ABOUT THIS TASK: Below are records with pictures in them. Transcribe everything from the line containing "Rose – Ensemble" down to the line containing "不料,今日(星期五)清晨约7", exactly, and leave the pictures behind.

MATERIAL TO PROCESS:
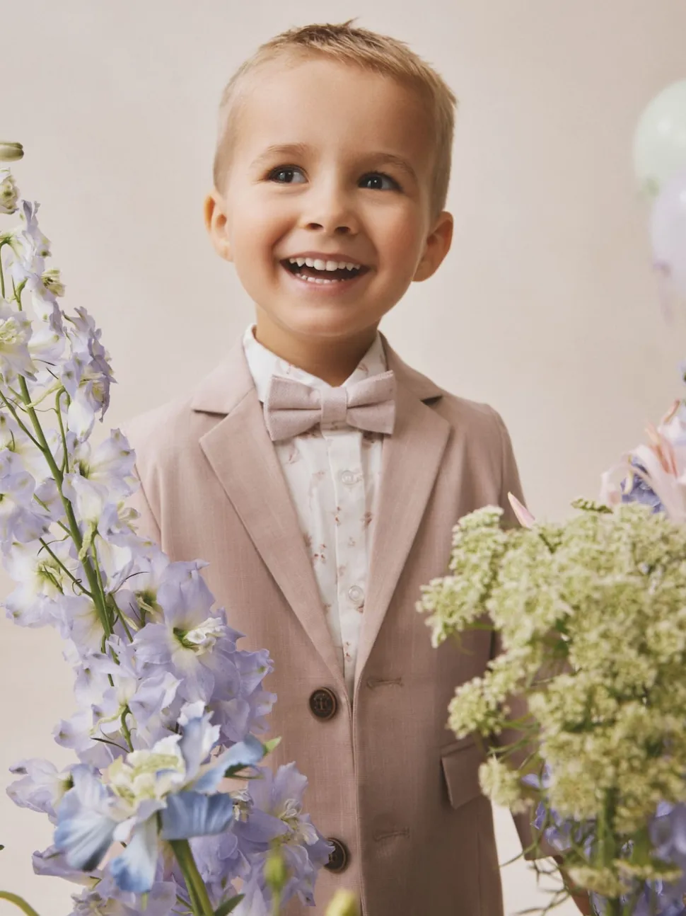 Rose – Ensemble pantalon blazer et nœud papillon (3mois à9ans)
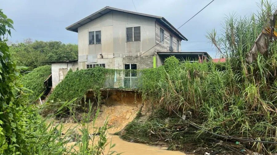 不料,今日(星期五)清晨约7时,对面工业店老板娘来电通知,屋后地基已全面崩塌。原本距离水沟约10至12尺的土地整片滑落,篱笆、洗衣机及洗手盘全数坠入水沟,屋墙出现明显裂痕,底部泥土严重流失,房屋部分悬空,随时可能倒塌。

==

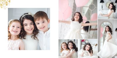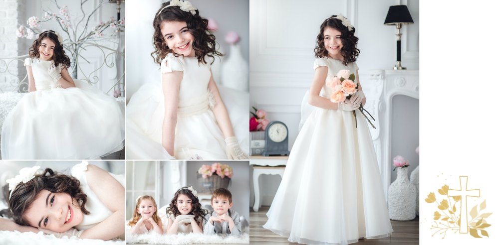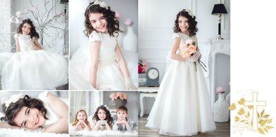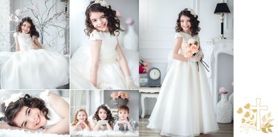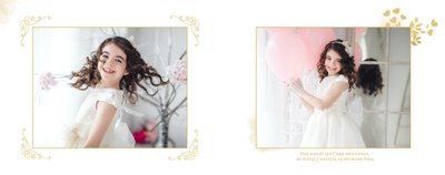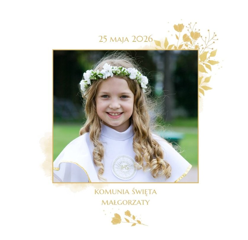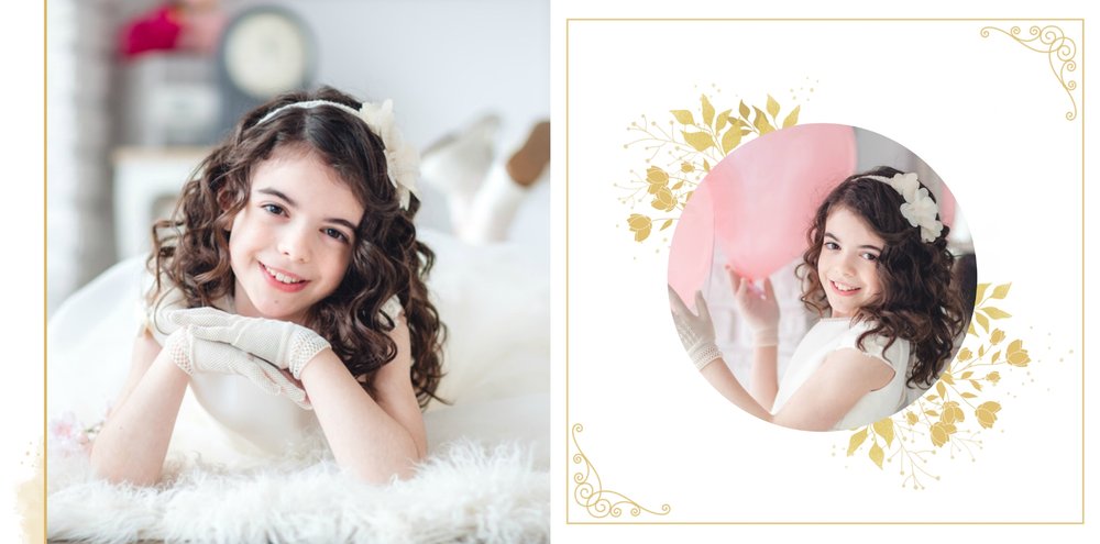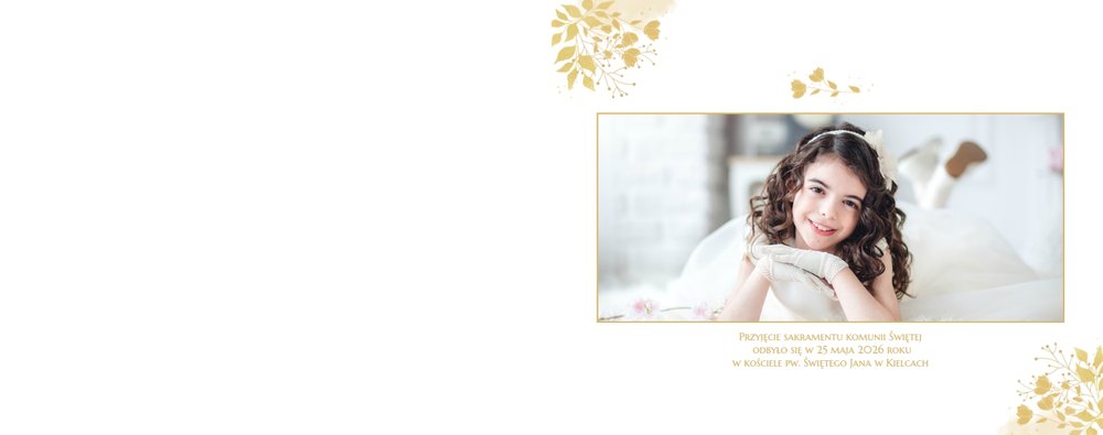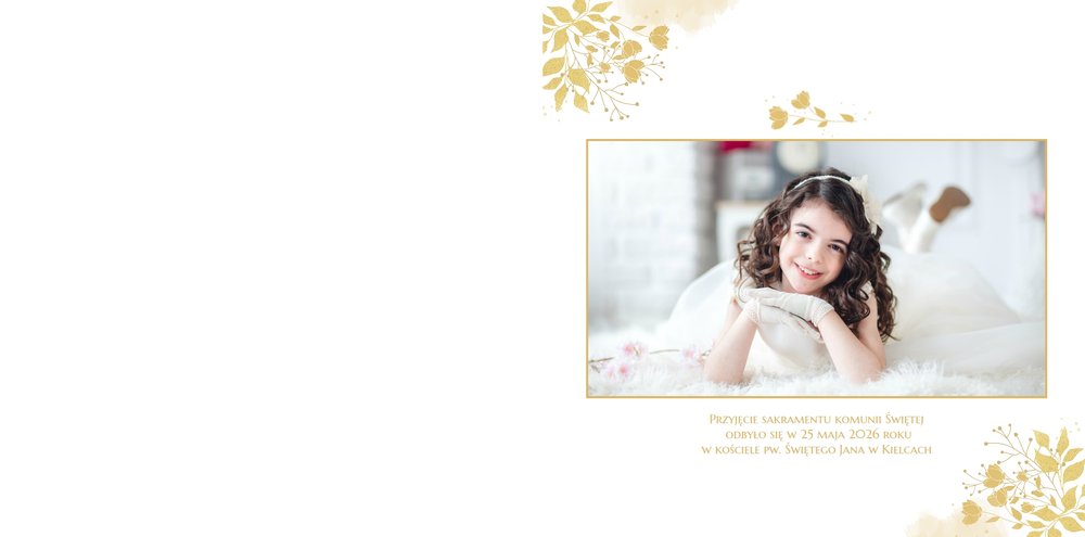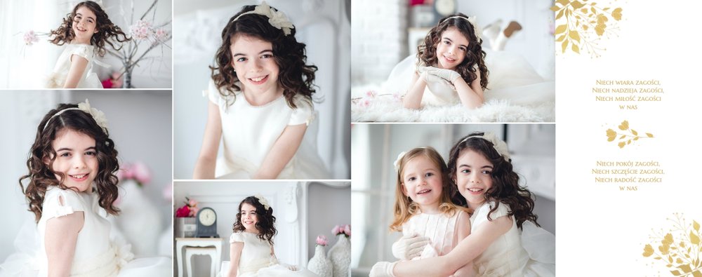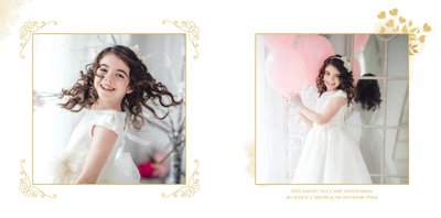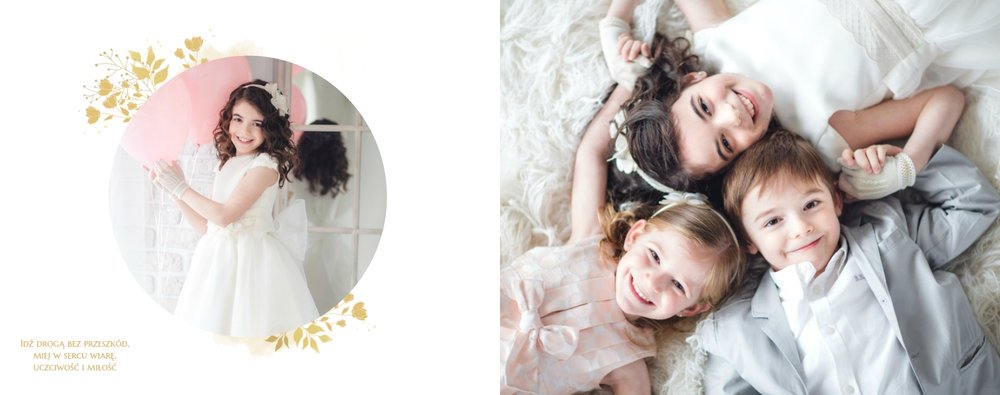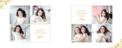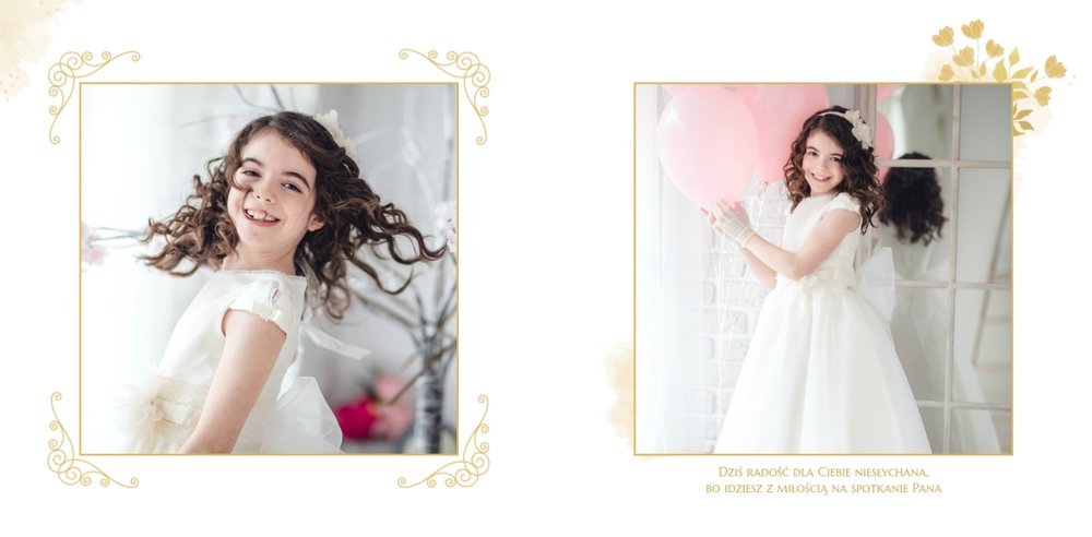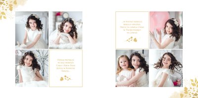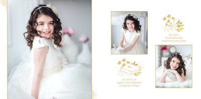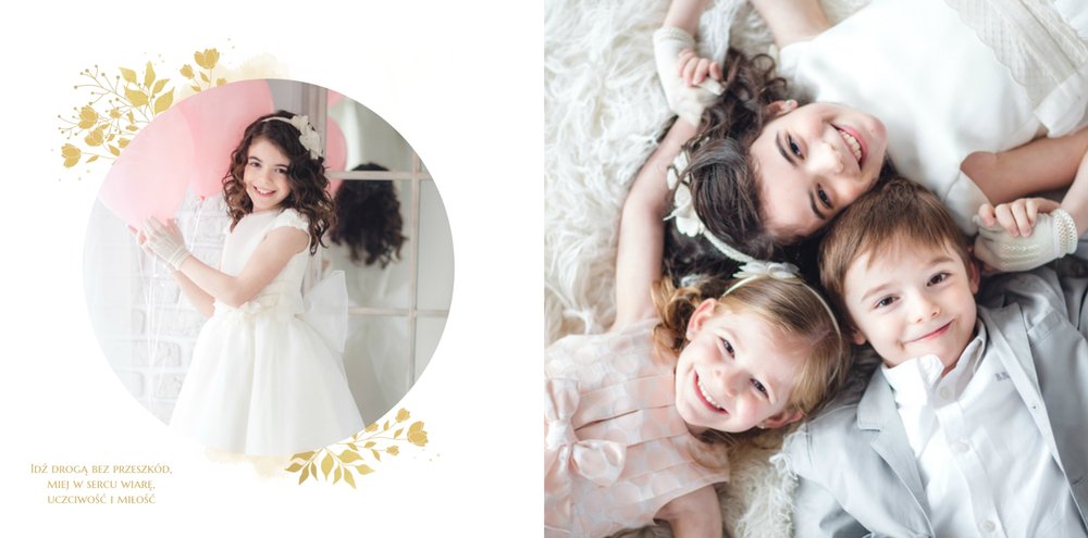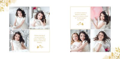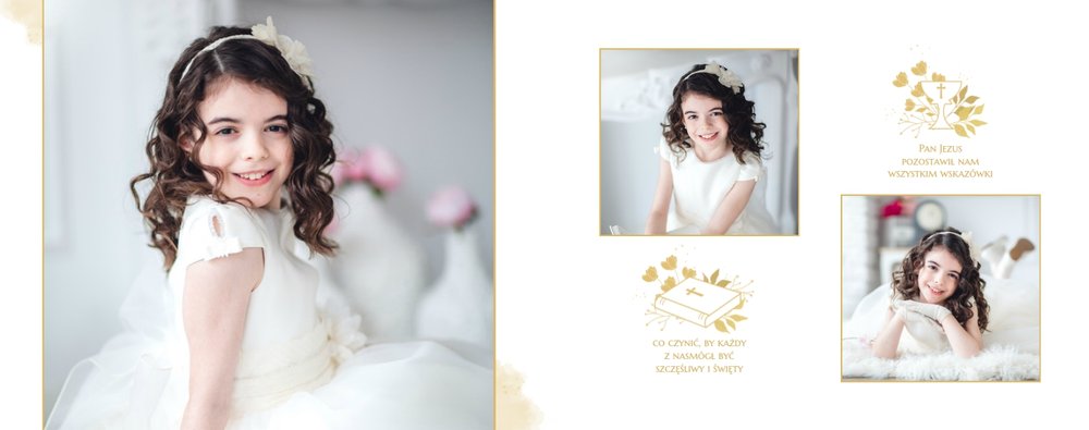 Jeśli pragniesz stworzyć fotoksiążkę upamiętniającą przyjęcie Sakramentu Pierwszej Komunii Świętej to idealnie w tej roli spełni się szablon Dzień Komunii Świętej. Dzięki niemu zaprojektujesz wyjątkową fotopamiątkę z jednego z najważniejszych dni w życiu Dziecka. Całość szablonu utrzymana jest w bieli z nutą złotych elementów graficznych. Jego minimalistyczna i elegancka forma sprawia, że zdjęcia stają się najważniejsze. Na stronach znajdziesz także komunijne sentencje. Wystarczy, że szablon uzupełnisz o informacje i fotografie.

SOLUTION:
 Rose – Ensemble pantalon blazer et nœud papillon (3mois à9ans)
 不料,今日(星期五)清晨约7时,对面工业店老板娘来电通知,屋后地基已全面崩塌。原本距离水沟约10至12尺的土地整片滑落,篱笆、洗衣机及洗手盘全数坠入水沟,屋墙出现明显裂痕,底部泥土严重流失,房屋部分悬空,随时可能倒塌。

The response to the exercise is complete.